An investigative stop may become a de facto arrest when "'the officers' conduct is more intrusive than necessary for an investigative stop.'" State v. Dickey, 152 N.J. 468, 478 (1998) (quoting United States v. Jones, 759 F. 2d 633, 636 (8th Cir. 1985), cert. denied, 474 U.S. 837, 106 S. Ct. 113, 88 L. Ed. 2d 92 (1986)). Although there is no bright line test to determine when an investigative stop becomes a de facto arrest, courts have identified several considerations relevant to the determination, including, most significantly, the temporal duration of the stop. An important concern in this regard "is whether the officer used the least intrusive investigative techniques reasonably available to verify or dispel his suspicion in the shortest period of time reasonably possible."

Davis, supra, 104 N.J. at 504. "'Another factor is the degree of fear and humiliation that the police conduct engenders.'" Dickey, supra, 152 N.J. at 479 (quoting United States v. Bloomfield, 40 F.3d 910, 917 (8th Cir. 1994), cert. denied, 514 U.S. 1113, 115 S. Ct. 1970, 131 L. Ed. 2d 859 (1995)).

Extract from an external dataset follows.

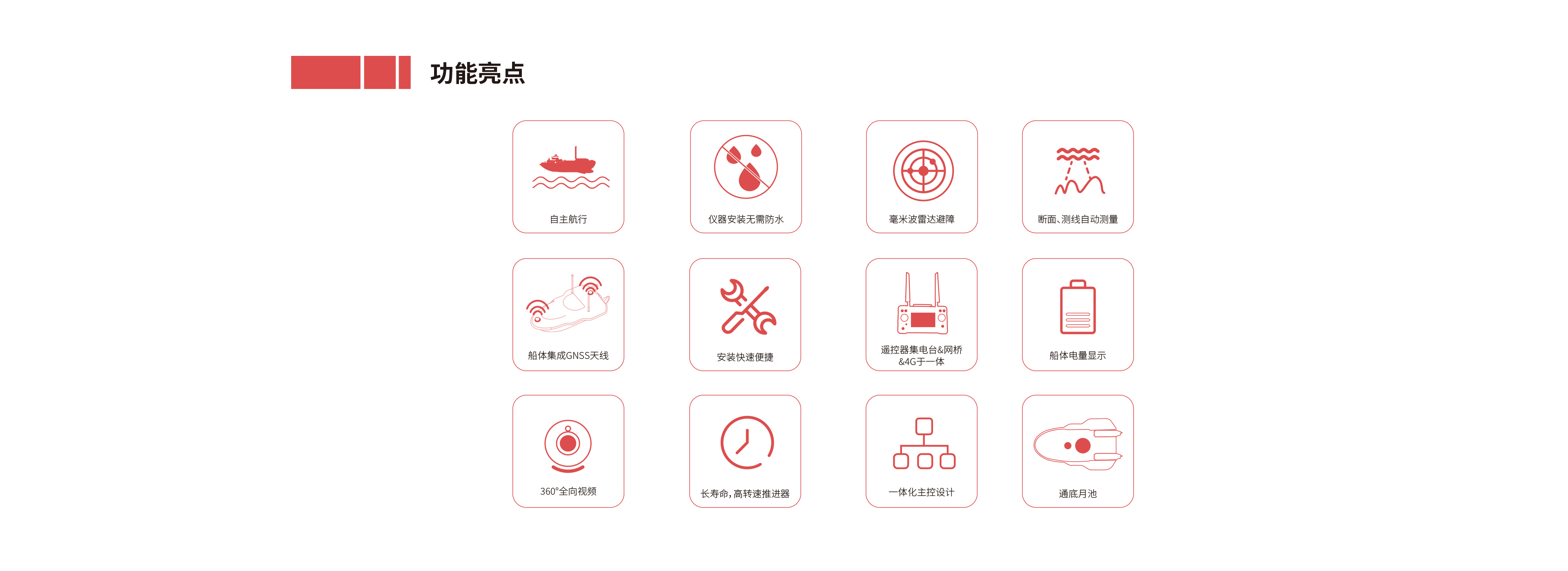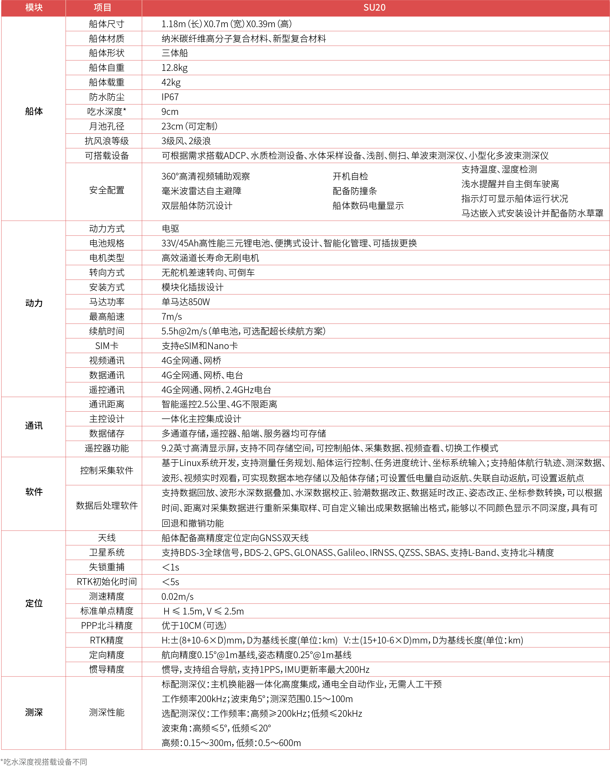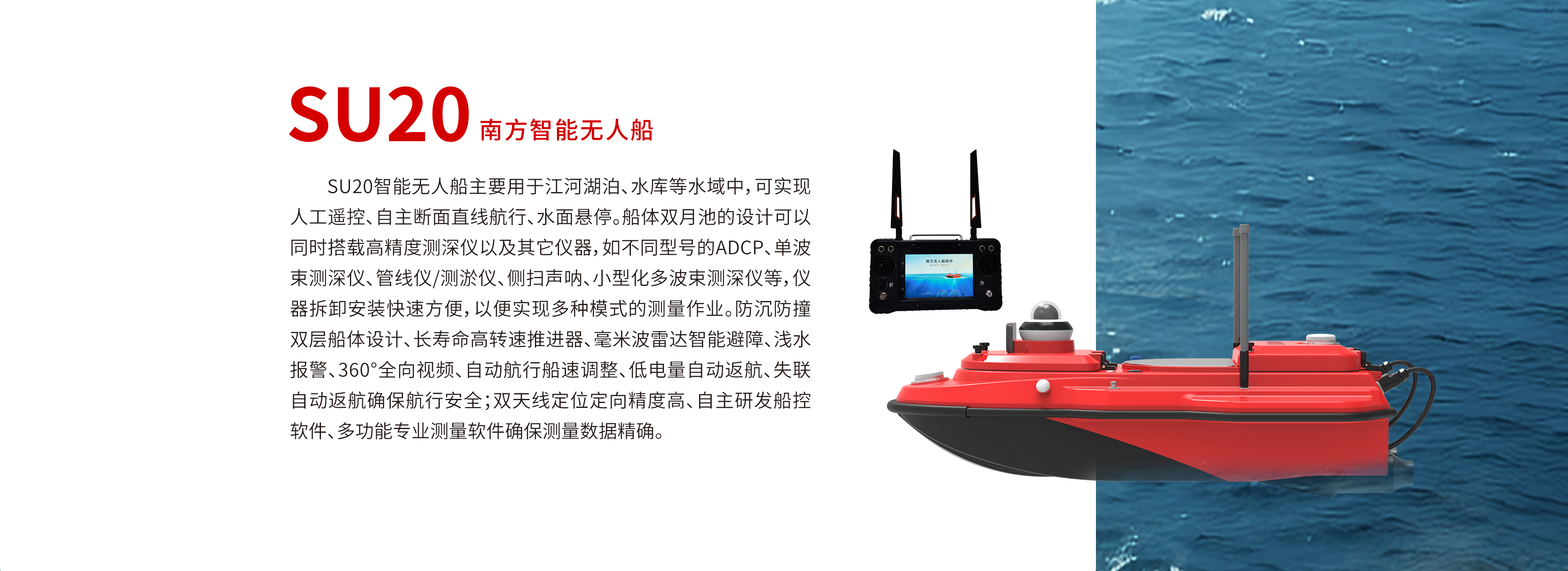 SU20智能無人船主要用于江河湖泊、水庫等水域中,可實現(xiàn)人工遙控、自主斷面直線航行、水面懸停。船體雙月池的設(shè)計可以同時搭載高精度測深儀以及其它儀器,如不同型號的ADCP、單波束測深儀、管線儀/測淤儀、側(cè)掃聲吶、小型化多波束測深儀等,儀器拆卸安裝快速方便,以便實現(xiàn)多種模式的測量作業(yè)。防沉防撞雙層船體設(shè)計、長壽命高轉(zhuǎn)速推進器、毫米波雷達智能避障、淺水報警、360°全向視頻、自動航行船速調(diào)整、低電量自動返航、失聯(lián)自動返航確保航行安全;雙天線定位定向精度高、自主研發(fā)船控軟件、多功能專業(yè)測量軟件確保測量數(shù)據(jù)精確。

Here, there is no indication that Filupeit was subjected to unnecessary delay or was detained any longer than the short period required to complete the show-up. Similarly lacking is any proof that Filupeit -- understandably nervous over being stopped, questioned, and frisked -- was fearful of the officers or either embarrassed or humiliated while awaiting Buble to arrive. Although Judge Perri never made a finding whether Filupeit was handcuffed or not, her credibility conclusions strongly suggest that Filupeit was not restrained. However, even if he had been, it would have been in the interest of the officers' safety and is incapable of transforming a reasonable law enforcement/citizen interchange into an unreasonable one.

Turning to Filupeit's last grievance, the validity of his consent, we are satisfied that Judge Perri did not err. A consent search is constitutional only if consent was voluntarily given and was "not the result of duress or coercion, express or implied." State v. Johnson, 68 N.J. 349, 352 (1975). Judge Perri's findings that Filupeit's consent was voluntarily given is amply supported in the record.*fn3

In sum, we conclude that the denial of Filupeit's suppression motion was proper. No constitutional rights were violated when his PT Cruiser was stopped, when he was detained awaiting Buble, and when he voluntarily assented to a search of his car.